Now here's the official trailer for the return of Netflix's The Umbrella Academy, with Season 3 dropping on June 22nd:
After putting a stop to 1963's doomsday, the Umbrella Academy return home to the present, convinced they prevented the initial apocalypse and fixed this godforsaken timeline once and for all. But after a brief moment of celebration, they realize things aren't exactly (okay, not at all) how they left them. Enter the Sparrow Academy. Smart, stylish, and about as warm as a sea of icebergs, the Sparrows immediately clash with the Umbrellas in a violent face-off that turns out to be the least of everyone's concerns.
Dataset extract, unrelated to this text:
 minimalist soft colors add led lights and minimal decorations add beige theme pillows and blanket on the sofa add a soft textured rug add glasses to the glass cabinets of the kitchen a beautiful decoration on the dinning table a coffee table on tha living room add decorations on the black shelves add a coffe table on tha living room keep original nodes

Navigating challenges, losses, and surprises of their own – and dealing with an unidentified destructive entity wreaking havoc in the Universe (something they may have caused) — now all they need to do is convince Dad's new and possibly better family to help them put right what their arrival made wrong. Will they find a way back to their pre-apocalyptic lives? Or is this new world about to reveal more than just a hiccup in the timeline?
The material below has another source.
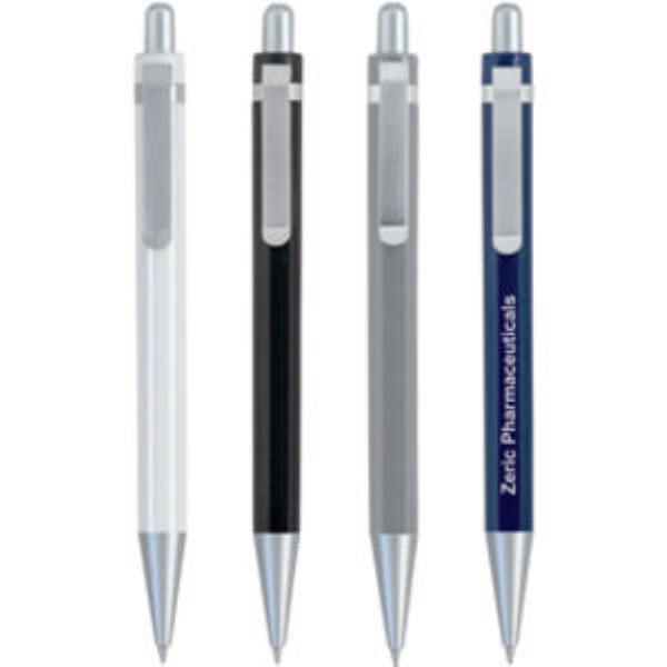 Durable retractable ballpoint pen with plastic nose cone, metal clip and coloured barrel.

The Umbrella Academy stars Tom Hopper as Luther aka Spaceboy aka Number One, David Castañeda as Diego aka The Kraken aka Number Two, Emmy Raver-Lampman as Allison aka The Rumor aka Number Three, Robert Sheehan as Klaus aka The Séance aka Number Four, Aidan Gallagher as Five aka The Boy, Justin H. Min as Ben aka The Horror aka Number Six/Ben aka Sparrow Number 2, Elliot Page as Viktor aka The White Violin aka Number Seven, Colm Feore as Sir Reginald Hargreeves, and Ritu Arya as Lila. And speaking of the Sparrow Academy, we also have Justin Cornwell as Marcus aka Number One, Britne Oldford as Fei aka Number Three, Jake Epstein as Alphonso aka Number Four, Genesis Rodriguez as Sloane aka Number Five, Cazzie David as Jayme aka Number Six, and Existential Dread Inducing Psykronium Cube as Christopher aka Number Seven. In addition, Javon Walton (Euphoria, Utopia) has joined the cast in an undisclosed role. And (of course) Colm Feore as Sir Reginald Hargreeves.
Created for television by showrunner Steve Blackman, the series is executive produced by Blackman, director Jeff F. King, Keith Goldberg, Mike Richardson & Jeremy Webb (S03E01), with Way & Bá as co-executive producers and Steve Wakefield producing (301-307). UCP, a division of Universal Studio Group, produces for Netflix.